What would policy success look like for Indigenous housing? Would it be good policy, effective processes, or successfully implemented programs? And on what grounds is policy success determined? ‘Good policy’ is good policy for whom? Housing for Health Incubator researchers Paul Torzillo, Allan MacConnell and Christen Cornell will tackle these rarely asked questions, in the context of the larger and ongoing conundrum of why it is so hard to incorporate cyclical repairs and maintenance into infrastructure programs for Indigenous housing.

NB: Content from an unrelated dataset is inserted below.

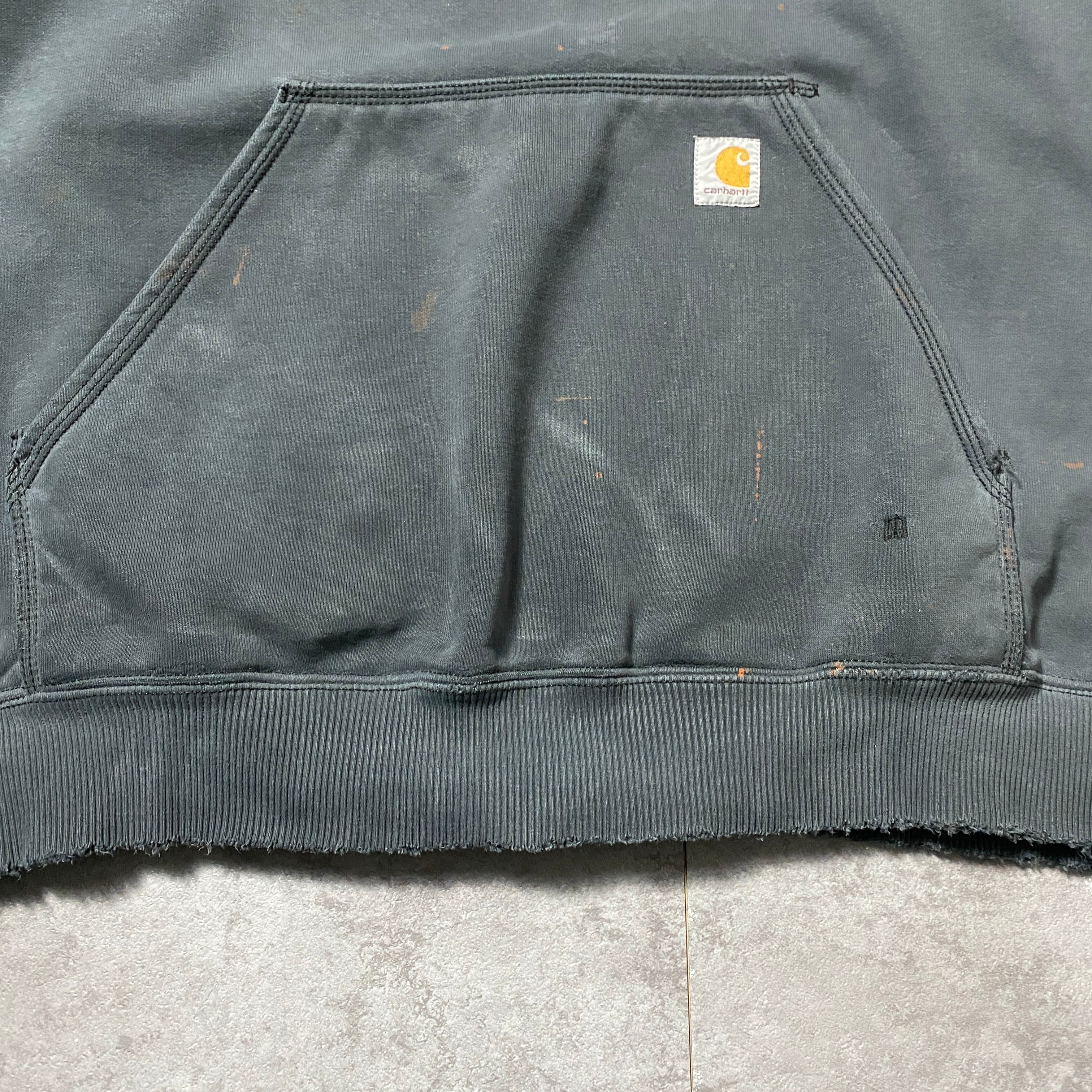 carhartt カーハート ラベルロゴ ダメージ ダークグレー 2XLT スウェット パーカー

Speakers: Christen Cornell; Paul Torzillo; Allan MacConnell

Dr Christen Cornell is a Lecturer in the Department of Gender and Cultural Studies at the University of Sydney. Her research spans cultural and urban studies, with particular interest in the relationship between cultural practices and urban planning.  

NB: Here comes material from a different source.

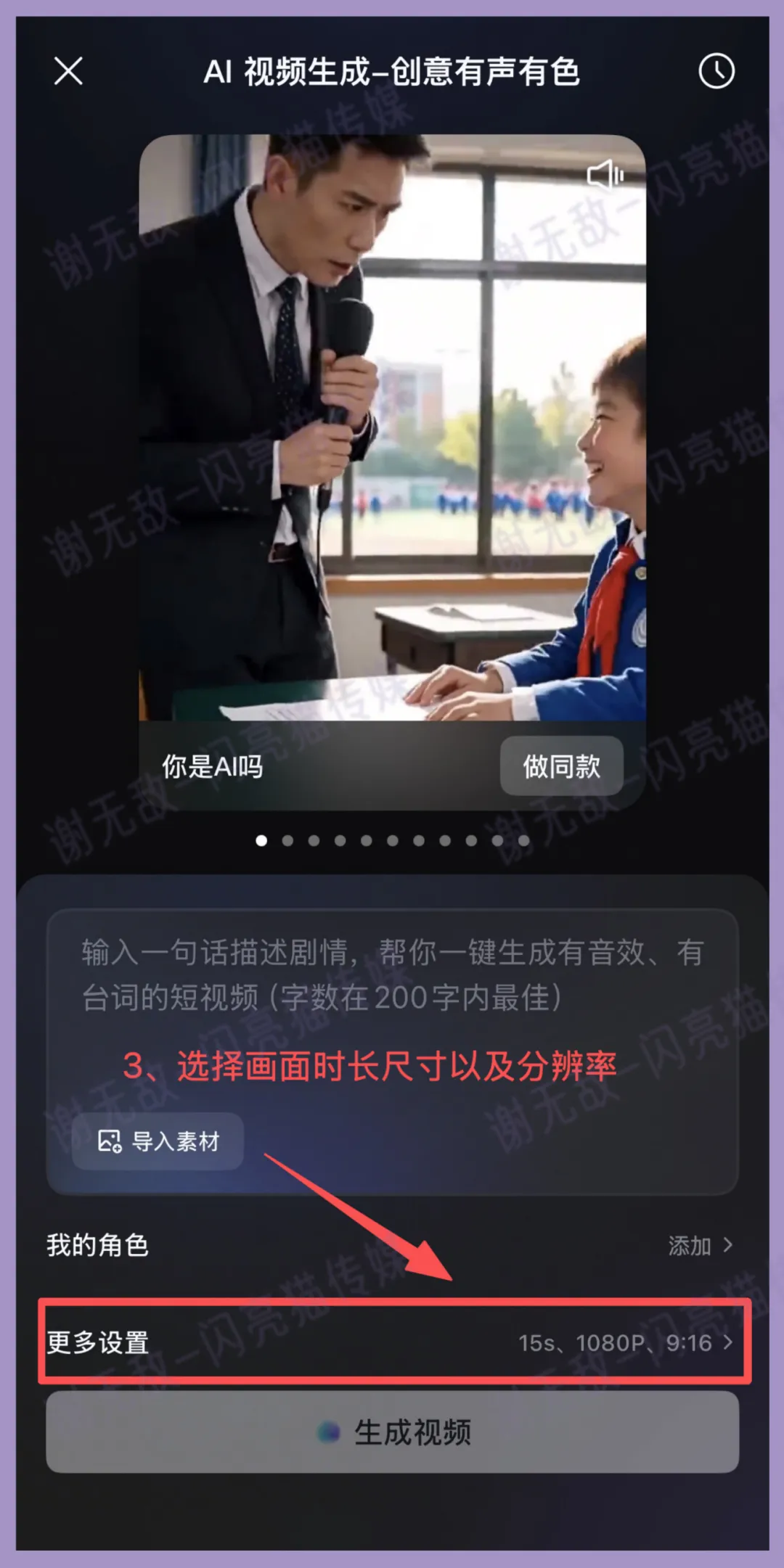 选择视频时长、分辨率和画面尺寸。

Professor Paul Torzillo is one of Australia’s leading Indigenous Health advisors. He has specific expertise on ARIs, housing and health and service delivery. Paul has been an advisor to the OATSIH (Office of Aboriginal and Torres Strait Islander Health) since its inception and has advocated strongly for a central role of evidence-based policy development. 

Professor Allan MacConnell is a political scientist whose main interests lie in various aspects of public policy making. This interest has taken him into research that addresses issues such as responses to crises and disasters, policy success/failure, policy evaluation, wicked policy problems, placebo policies, hidden policy agendas and the politics of policy inaction.